Give again, word for word, the lines below that run from the line with "대전중구 영훈의료재단 선치과병원" through the line with "Постельное белье с". Drop the pictures.

Dataset excerpts —
>>

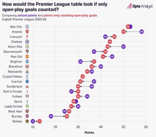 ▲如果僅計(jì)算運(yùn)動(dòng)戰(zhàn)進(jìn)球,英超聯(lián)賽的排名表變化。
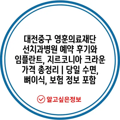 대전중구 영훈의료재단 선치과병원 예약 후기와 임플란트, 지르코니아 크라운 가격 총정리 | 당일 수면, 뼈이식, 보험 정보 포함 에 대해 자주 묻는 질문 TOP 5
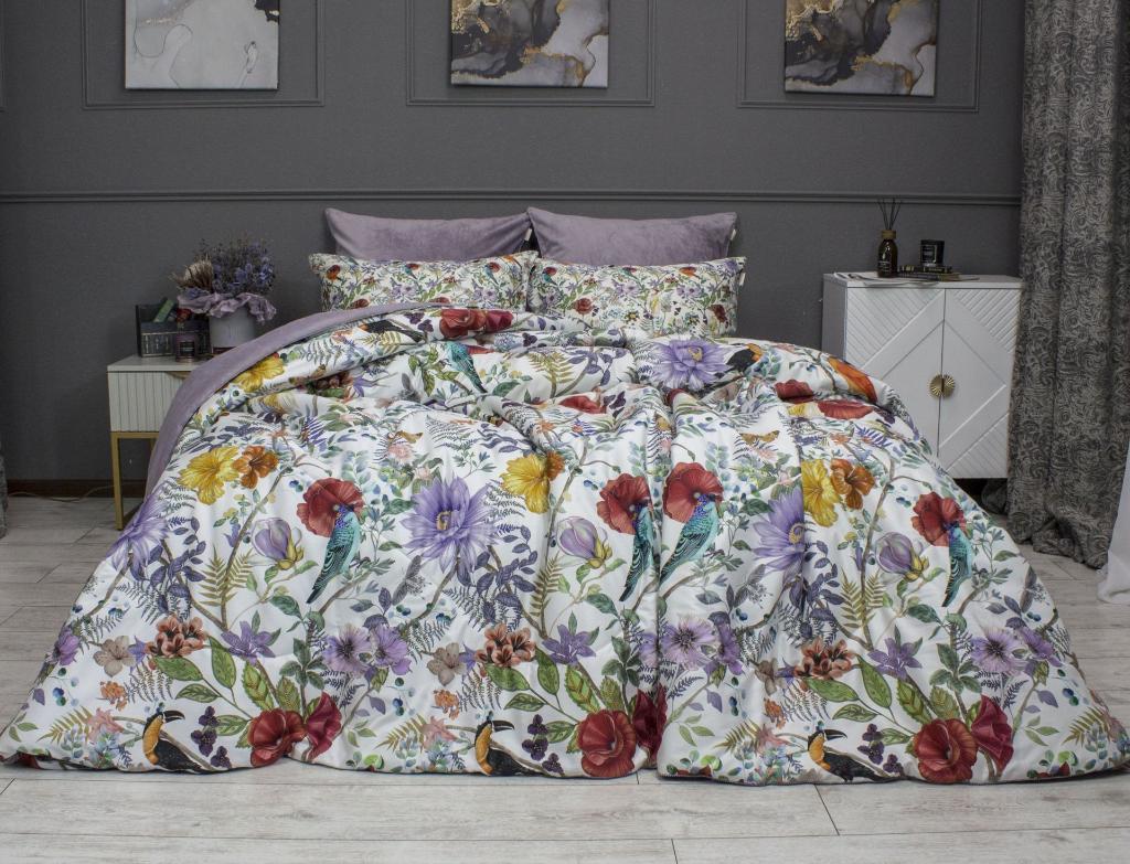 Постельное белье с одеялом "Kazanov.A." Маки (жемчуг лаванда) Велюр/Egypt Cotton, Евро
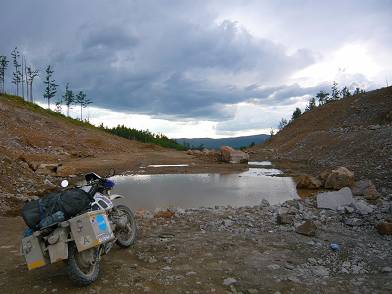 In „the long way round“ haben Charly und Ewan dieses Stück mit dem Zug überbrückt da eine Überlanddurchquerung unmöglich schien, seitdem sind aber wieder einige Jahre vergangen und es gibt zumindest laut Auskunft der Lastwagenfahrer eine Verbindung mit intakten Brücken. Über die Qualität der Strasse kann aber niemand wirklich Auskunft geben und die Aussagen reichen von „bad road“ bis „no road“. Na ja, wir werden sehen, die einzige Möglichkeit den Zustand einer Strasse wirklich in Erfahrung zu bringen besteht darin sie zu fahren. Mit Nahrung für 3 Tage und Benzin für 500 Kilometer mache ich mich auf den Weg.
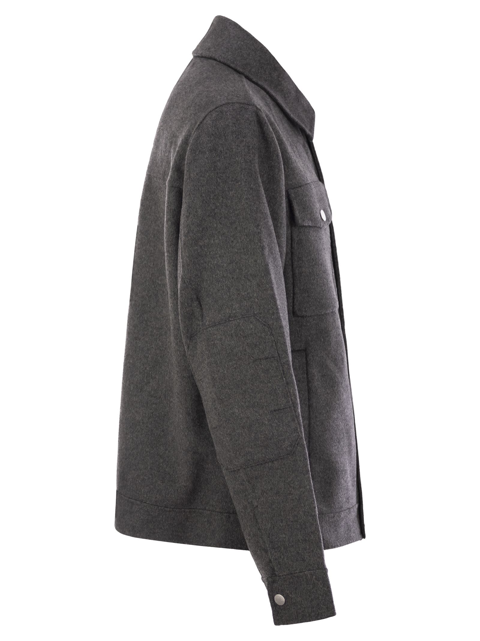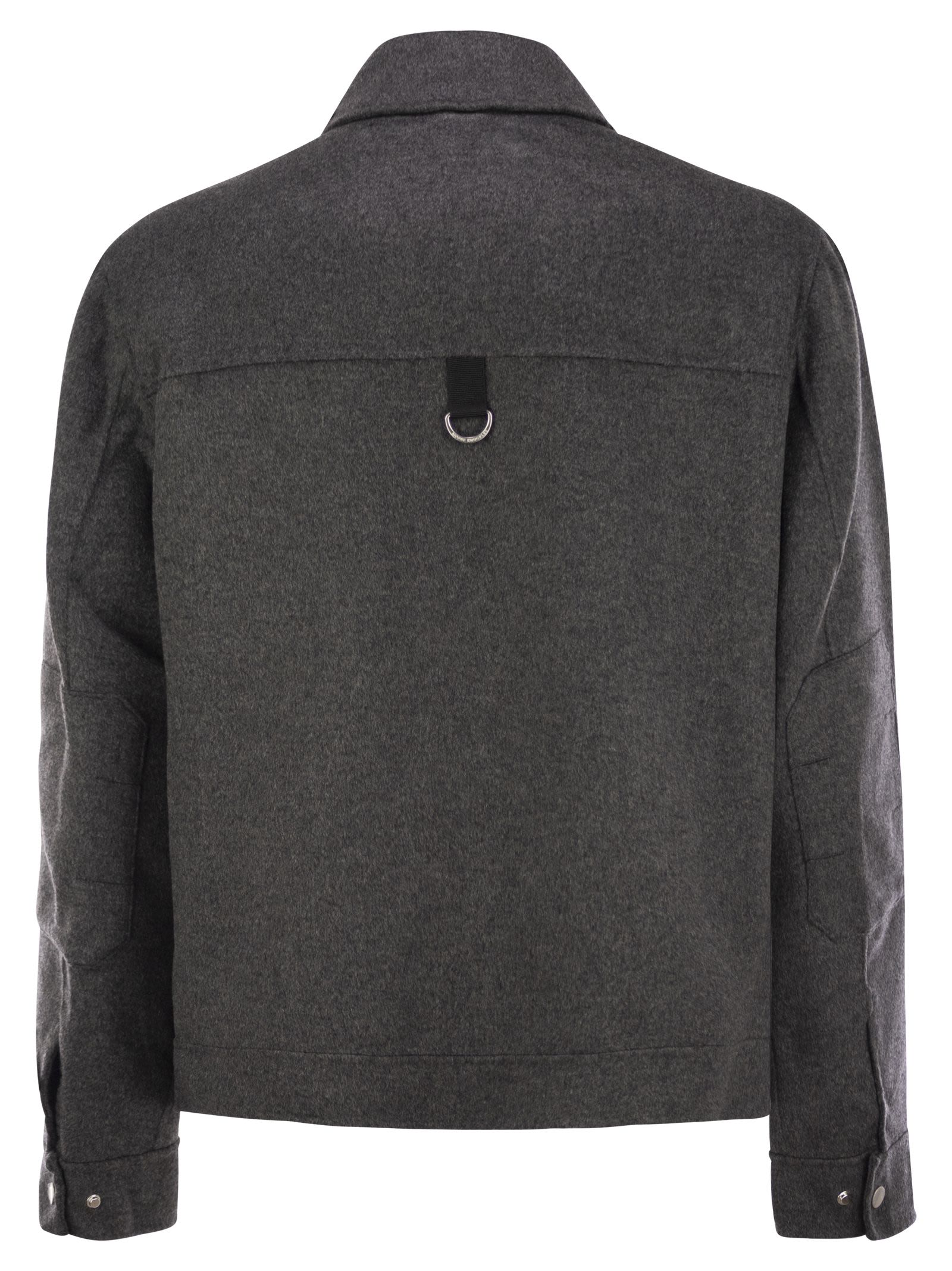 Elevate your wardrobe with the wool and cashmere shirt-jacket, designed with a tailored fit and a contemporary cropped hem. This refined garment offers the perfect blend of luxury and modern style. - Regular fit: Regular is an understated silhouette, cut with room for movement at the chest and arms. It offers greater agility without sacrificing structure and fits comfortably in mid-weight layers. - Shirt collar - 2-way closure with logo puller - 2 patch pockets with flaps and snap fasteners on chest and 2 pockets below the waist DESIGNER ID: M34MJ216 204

<<
>>

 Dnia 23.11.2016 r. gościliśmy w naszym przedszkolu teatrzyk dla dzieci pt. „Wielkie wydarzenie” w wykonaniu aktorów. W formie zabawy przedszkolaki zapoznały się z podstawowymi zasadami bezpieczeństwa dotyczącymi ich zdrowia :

<<

Solved exercise —
 대전중구 영훈의료재단 선치과병원 예약 후기와 임플란트, 지르코니아 크라운 가격 총정리 | 당일 수면, 뼈이식, 보험 정보 포함 에 대해 자주 묻는 질문 TOP 5
 Постельное белье с одеялом "Kazanov.A." Маки (жемчуг лаванда) Велюр/Egypt Cotton, Евро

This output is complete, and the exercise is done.